Your goal »
Which lines below fall between the one containing "フランス宮殿スタイル中空重工業長袖シャツハイウエスト花柄スカート女性の 2023 秋の新作" and the one containing "因上线1499元平价飞天茅台酒"? Repeat them exactly, counting both of those lines, and add nothing else.

Excerpts from a dataset »
▬▬▬

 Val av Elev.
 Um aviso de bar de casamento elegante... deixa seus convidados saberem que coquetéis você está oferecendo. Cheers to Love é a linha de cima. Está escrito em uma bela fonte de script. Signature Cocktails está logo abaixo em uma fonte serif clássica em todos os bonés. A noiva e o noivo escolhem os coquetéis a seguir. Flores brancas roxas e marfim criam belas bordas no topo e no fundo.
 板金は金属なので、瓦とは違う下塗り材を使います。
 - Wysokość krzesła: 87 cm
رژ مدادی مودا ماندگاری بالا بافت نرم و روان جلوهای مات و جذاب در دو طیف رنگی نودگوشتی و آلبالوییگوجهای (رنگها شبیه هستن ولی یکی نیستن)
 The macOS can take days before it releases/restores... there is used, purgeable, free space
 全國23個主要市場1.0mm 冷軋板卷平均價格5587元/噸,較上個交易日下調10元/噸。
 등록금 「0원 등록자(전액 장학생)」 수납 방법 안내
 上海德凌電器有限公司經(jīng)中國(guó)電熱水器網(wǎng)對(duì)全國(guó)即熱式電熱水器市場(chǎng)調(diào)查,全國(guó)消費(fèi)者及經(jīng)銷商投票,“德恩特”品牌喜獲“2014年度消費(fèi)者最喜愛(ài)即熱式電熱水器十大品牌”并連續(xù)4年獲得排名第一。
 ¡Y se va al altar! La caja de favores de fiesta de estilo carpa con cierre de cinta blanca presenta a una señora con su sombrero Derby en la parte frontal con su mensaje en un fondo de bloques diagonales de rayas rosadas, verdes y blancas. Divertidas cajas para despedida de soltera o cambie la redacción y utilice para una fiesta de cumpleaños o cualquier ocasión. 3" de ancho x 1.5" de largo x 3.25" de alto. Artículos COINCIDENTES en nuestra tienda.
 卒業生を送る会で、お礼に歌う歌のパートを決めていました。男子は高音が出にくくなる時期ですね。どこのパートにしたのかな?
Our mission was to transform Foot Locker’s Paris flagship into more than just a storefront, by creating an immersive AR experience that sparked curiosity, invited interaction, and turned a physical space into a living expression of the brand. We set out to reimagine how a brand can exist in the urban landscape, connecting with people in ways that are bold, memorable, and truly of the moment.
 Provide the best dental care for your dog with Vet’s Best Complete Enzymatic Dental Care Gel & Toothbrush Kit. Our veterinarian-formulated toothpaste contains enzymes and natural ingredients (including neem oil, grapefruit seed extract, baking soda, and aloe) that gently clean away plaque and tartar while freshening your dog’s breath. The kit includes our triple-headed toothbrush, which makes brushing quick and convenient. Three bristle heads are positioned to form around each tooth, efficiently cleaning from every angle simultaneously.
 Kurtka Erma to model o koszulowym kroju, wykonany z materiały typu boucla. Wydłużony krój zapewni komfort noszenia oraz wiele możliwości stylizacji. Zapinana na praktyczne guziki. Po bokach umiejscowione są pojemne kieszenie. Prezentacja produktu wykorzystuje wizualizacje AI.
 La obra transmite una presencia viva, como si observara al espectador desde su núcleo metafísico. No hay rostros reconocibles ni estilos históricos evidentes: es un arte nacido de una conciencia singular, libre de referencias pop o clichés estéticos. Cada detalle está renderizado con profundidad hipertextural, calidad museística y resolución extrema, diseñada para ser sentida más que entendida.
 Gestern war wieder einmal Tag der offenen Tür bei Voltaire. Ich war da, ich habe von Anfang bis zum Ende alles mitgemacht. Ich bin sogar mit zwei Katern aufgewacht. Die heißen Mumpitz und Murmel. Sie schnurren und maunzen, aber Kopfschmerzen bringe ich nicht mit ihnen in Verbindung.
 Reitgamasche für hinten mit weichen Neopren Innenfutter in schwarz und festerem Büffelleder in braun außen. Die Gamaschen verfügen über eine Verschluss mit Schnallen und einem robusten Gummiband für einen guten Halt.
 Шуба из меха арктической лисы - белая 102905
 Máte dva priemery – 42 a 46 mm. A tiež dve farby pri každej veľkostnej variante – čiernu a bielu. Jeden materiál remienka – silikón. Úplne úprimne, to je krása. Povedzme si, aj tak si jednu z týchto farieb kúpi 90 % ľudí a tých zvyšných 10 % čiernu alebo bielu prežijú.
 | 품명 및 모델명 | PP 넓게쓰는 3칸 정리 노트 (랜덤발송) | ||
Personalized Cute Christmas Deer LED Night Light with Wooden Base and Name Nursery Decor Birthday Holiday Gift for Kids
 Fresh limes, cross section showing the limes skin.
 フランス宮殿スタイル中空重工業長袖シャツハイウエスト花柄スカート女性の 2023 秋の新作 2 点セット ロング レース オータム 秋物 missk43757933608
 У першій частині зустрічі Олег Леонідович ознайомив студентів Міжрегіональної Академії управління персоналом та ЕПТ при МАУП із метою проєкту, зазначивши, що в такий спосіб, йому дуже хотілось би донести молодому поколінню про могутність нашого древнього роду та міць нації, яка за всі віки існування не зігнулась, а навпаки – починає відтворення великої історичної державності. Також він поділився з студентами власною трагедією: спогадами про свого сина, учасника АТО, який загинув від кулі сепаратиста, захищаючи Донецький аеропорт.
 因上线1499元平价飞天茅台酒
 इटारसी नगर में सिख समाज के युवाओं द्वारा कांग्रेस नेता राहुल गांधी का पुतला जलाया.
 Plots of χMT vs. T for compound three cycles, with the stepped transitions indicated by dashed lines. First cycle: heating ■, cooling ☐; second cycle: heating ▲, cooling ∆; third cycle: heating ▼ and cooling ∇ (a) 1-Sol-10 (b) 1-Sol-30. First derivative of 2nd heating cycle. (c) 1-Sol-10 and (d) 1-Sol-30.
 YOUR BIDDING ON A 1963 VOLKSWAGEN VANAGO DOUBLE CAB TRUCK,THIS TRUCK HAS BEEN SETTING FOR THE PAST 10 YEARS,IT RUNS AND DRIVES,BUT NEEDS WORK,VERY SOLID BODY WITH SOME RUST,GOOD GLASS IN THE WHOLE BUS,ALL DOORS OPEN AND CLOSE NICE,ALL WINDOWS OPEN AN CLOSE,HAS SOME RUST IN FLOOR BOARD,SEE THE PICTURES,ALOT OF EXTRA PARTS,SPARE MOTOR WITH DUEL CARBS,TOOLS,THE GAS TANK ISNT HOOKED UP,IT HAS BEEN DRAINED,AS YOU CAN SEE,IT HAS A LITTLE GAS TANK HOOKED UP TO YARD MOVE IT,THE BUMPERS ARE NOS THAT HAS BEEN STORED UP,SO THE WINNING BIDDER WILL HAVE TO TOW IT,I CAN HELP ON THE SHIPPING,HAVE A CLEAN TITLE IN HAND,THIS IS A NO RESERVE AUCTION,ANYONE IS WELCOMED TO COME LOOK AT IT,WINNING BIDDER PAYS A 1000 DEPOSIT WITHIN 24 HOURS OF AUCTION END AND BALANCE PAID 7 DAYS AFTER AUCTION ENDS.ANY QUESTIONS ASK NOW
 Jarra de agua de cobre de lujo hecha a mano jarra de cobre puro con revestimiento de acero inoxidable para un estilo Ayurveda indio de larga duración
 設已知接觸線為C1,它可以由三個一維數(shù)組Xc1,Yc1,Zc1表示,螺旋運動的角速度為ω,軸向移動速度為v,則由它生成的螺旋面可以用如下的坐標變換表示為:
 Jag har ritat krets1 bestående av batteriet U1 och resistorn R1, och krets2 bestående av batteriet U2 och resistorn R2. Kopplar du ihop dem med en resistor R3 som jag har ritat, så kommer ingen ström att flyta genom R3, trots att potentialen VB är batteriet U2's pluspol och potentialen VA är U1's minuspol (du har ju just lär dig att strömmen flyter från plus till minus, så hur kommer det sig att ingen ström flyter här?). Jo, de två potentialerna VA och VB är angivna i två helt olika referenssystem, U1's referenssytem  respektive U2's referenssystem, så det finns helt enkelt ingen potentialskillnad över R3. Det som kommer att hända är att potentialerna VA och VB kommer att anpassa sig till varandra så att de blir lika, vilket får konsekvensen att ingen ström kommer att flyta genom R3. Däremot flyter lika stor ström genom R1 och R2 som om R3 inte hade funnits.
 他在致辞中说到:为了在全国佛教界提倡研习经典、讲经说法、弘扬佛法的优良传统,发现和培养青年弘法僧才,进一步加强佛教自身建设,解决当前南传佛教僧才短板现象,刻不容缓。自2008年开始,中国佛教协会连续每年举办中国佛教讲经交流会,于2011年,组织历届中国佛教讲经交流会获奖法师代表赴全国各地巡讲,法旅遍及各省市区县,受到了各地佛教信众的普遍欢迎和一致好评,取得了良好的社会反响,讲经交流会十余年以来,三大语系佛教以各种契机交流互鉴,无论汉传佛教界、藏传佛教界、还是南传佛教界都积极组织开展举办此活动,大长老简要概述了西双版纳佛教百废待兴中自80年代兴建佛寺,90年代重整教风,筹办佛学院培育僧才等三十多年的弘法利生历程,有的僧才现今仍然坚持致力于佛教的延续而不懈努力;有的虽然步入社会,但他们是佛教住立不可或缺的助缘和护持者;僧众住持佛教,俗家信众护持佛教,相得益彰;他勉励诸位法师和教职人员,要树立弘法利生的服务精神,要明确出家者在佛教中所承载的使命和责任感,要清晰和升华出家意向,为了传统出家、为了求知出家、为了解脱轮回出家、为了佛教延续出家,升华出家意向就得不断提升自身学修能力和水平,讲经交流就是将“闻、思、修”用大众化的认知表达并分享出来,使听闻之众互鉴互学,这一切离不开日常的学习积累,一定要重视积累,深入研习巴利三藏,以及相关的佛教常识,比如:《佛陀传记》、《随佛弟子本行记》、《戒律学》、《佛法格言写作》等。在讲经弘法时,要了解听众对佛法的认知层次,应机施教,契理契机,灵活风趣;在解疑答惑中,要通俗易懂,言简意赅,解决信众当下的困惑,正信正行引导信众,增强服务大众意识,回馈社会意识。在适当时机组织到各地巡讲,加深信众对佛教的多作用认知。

▬▬▬

Output of the task »
 フランス宮殿スタイル中空重工業長袖シャツハイウエスト花柄スカート女性の 2023 秋の新作 2 点セット ロング レース オータム 秋物 missk43757933608
 У першій частині зустрічі Олег Леонідович ознайомив студентів Міжрегіональної Академії управління персоналом та ЕПТ при МАУП із метою проєкту, зазначивши, що в такий спосіб, йому дуже хотілось би донести молодому поколінню про могутність нашого древнього роду та міць нації, яка за всі віки існування не зігнулась, а навпаки – починає відтворення великої історичної державності. Також він поділився з студентами власною трагедією: спогадами про свого сина, учасника АТО, який загинув від кулі сепаратиста, захищаючи Донецький аеропорт.
 因上线1499元平价飞天茅台酒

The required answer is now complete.